Amazon Prime Video, TV-PG, 45 minutes, 22 episodes
“Sometimes a crime of passion is not realizing the passion in time.”
This is the television show I would make if I were allowed to make television shows.
It’s high concept and weird, first of all. A dude can bring people back from the dead with one touch? But if he touches them again, they’re dead forever? And if they return to life for more than 60 seconds, something else of comparable size and heft dies in its place? That’s weird as hell, but makes for an utterly intriguing show when in the hands of creator and writer Bryan Fuller (“Hannibal,” “American Gods”).
Add in that the dude with the power of resurrection, a pie maker named Ned (Lee Pace), uses it to solve murders alongside private eye Emerson (Chi McBride), friend Olive (Kristin Chenoweth), girlfriend Charlotte (Anna Friel) and a Very Good Dog named Digby, and you really have something. Oh, also, Charlotte has been resurrected, so she and Ned can’t touch each other. And her aunts are world-famous synchronized swimmers. See what I mean?

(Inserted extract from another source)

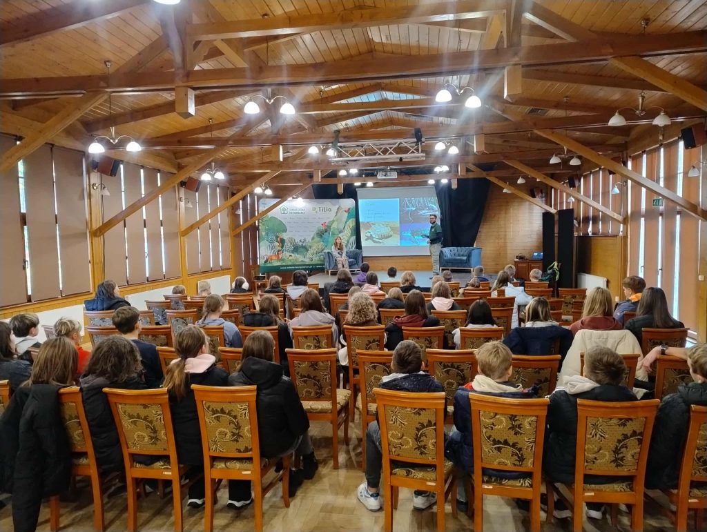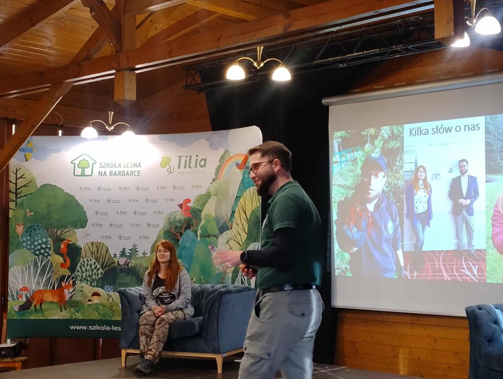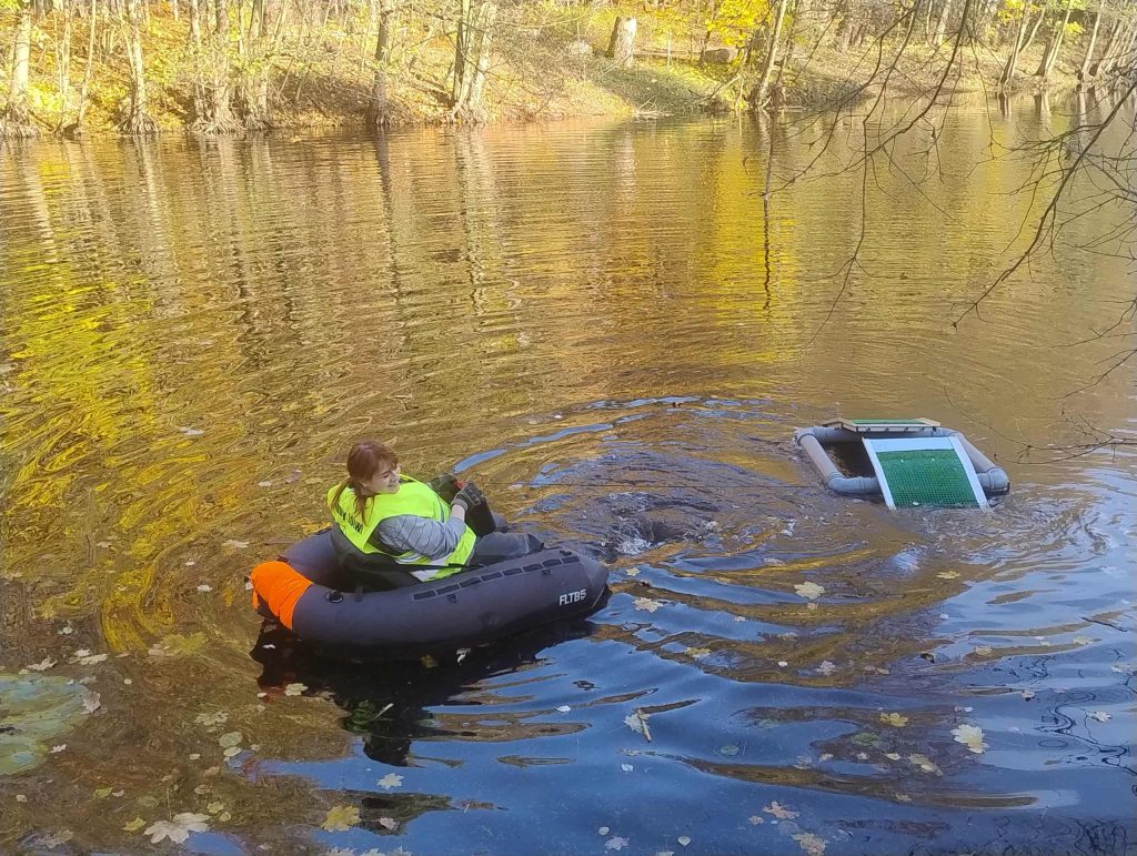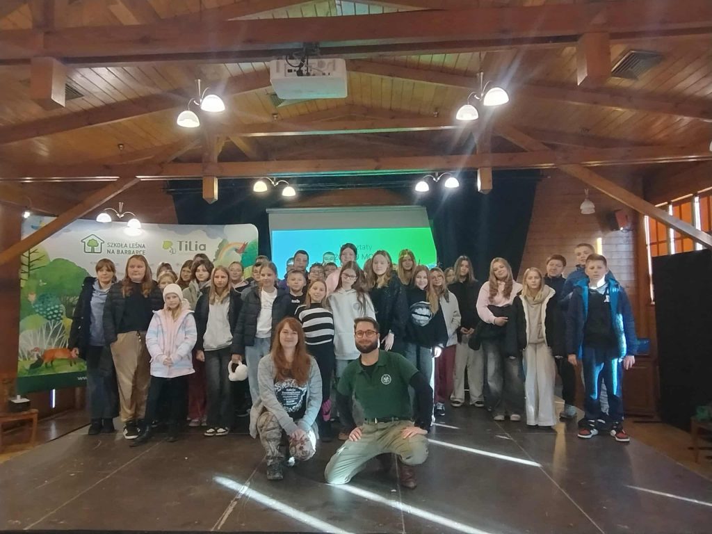 W dniu 5 listopada 2025 r. Doktoranci naszego Instytutu: Pani mgr inż. Milena Bors i Pan mgr inż. Jakub Badziukiewicz poprowadzili warsztaty pt. „O żółwiu mowa” w Szkole Leśnej Na Barbarce w Toruniu. Uczestniczyło w nich około 40 osób, głównie dzieci w wieku wczesnoszkolnym. Warsztaty podzielone były na część teoretyczną i praktyczną. Teoretyczna odbyła się w dworku na terenie Szkoły Leśnej i dotyczyła ogólnej tematyki żółwi, w tym także problemów z inwazją obcych gatunków żółwi. Część praktyczna była pokazem kontroli pułapki plażowiskowej służącej do odłowu żółwi. Ta część warsztatów odbyła się przy zbiorniku wodnym na terenie Szkoły Leśnej, gdzie wcześniej prowadzone były działania zaradcze dotyczące żółwia ozdobnego Trachemys scripta, bytującego w tym akwenie. Uczestnicy warsztatów z zaciekawienie słuchali informacji o żółwiach i zadawali dużo pytań.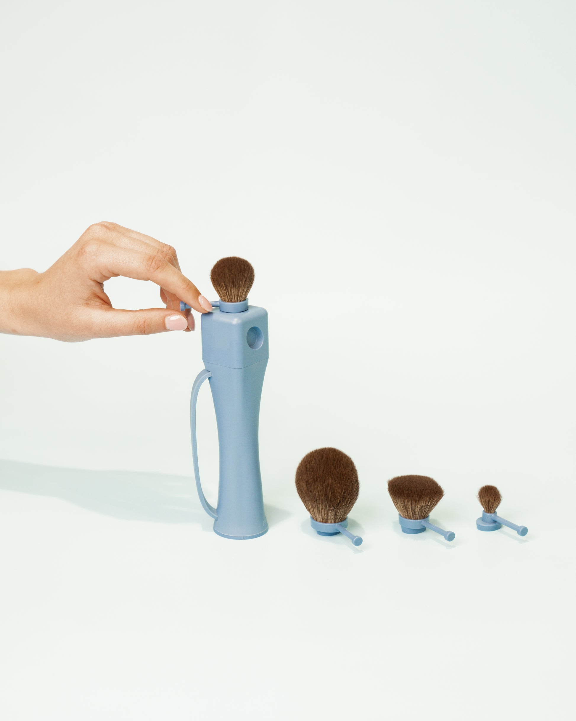 Four magnetic brush attachments: To be interchanged between all three positions. These include a foundation, powder, eyeshadow and blush/bronzer brush. Our blush/bronzer and foundation attachments are suitable for both cream and powder products.

“Pushing Daisies” knows all this. It’s too smart to fall into showbiz traps, namely taking itself too seriously. Even when heavy topics are broached — Ned and Charlotte talk about their parents’ deaths, and whether their relationship can survive a lack of intimacy; Emerson has painful scars of his own — it is done whimsically, never hitting viewers over the head with musical cues or emphasizing that This Is Important. It trusts viewers will recognize the significance of such moments and apply an appropriate weight to them in their hearts.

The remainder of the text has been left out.